Now, let's look at the second fix pattern. Suppose E here involves a blocking operation such as I/O tasks. The 'just' operator here returns a Mono object containing the value of E. The difference between these two expressions is whether E is evaluated eagerly or lazily. This fix pattern is often used in combination with the first fix pattern. Note here that the 'subscribeOn' operator is added by the first fix pattern.

This slide explains the difference between before and after applying the fix pattern. Before the fix, the 'just' operator eagerly executes the getSomething method, which can block the thread. After the fix, the getSomething method is lazily executed in a separate worker thread. The main thread can be used to do other tasks without being blocked.

Here are the experimental results. We measured CPU usage, heap usage, latency and memory usage before and after applying the fix pattern.
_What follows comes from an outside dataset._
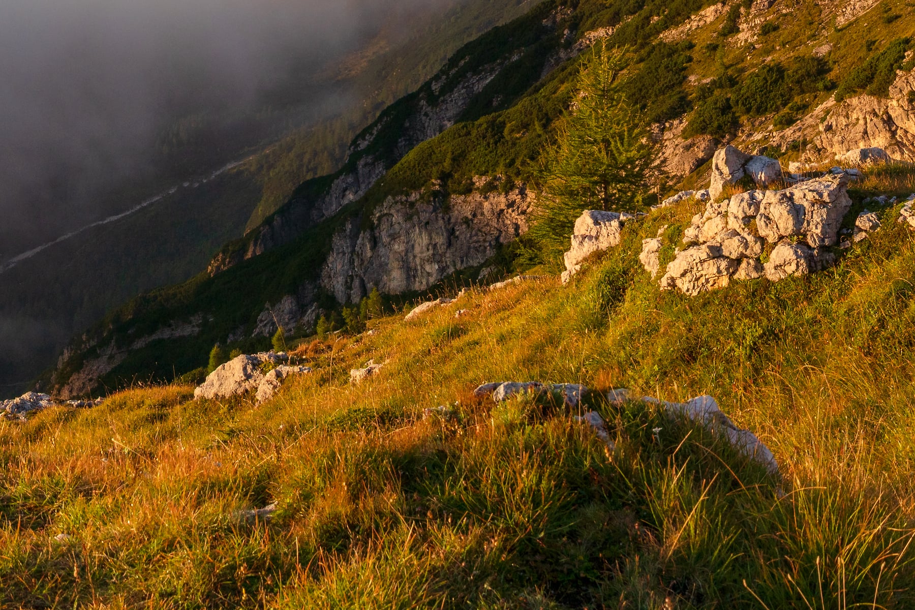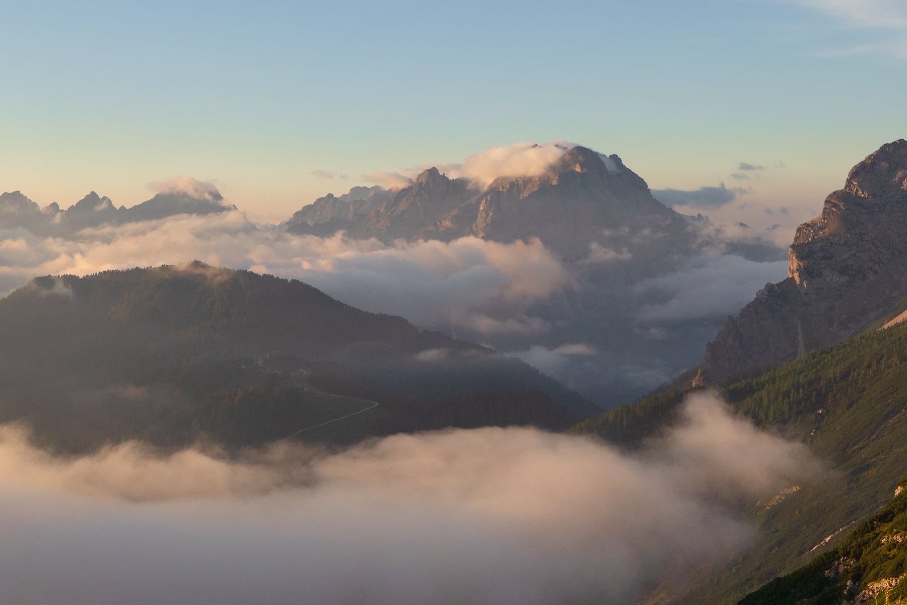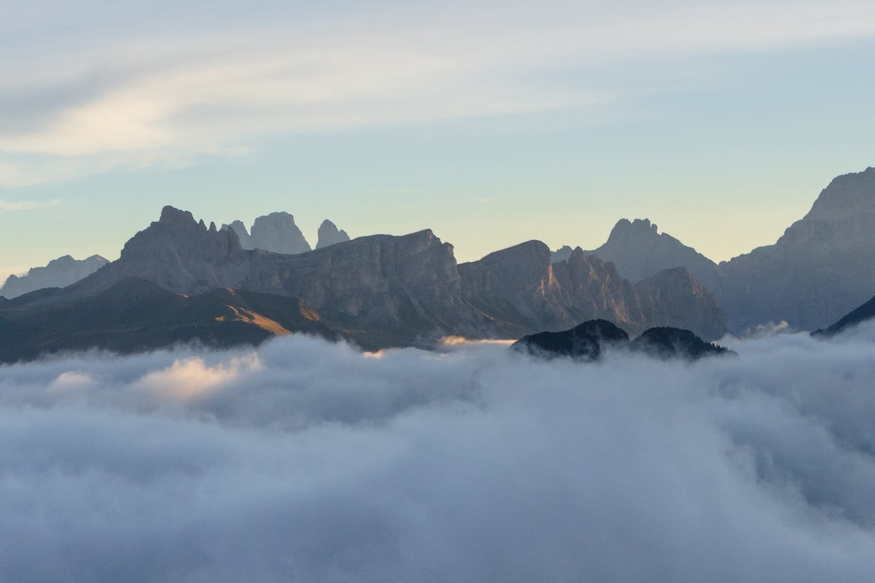 As a lush mountain region, the weather was everchanging and fickle -- there were times when we couldn't see any mountains for days at a time. But all storms break eventually, as long as you're patient! This is one of the photos I was able to capture on a lovely foggy morning, from one of my favorite rifigios that we were able to spend the night in. The fog was changing every moment, and the sunrise light brought everything together!

Since performance measures can vary even if the same test is run, we ran the same test 10 times. These plots show how the performance measures change at each iteration. The plink line indicate the performance measures before applying the fix pattern, and the purple line show the results after applying the fix pattern. In general, less resources are used after applying the fix pattern. We also ran the regression test suite and found no regression error. This is the result of Apache James.

For the other subjects, similar results were observed.

So, what are the takeaways?

They all sound obvious, aren't they?

Then, let me flip these takeaways into questions. I think the answers are not a definitive yes, which makes us think about the future direction of APR and also debugging research.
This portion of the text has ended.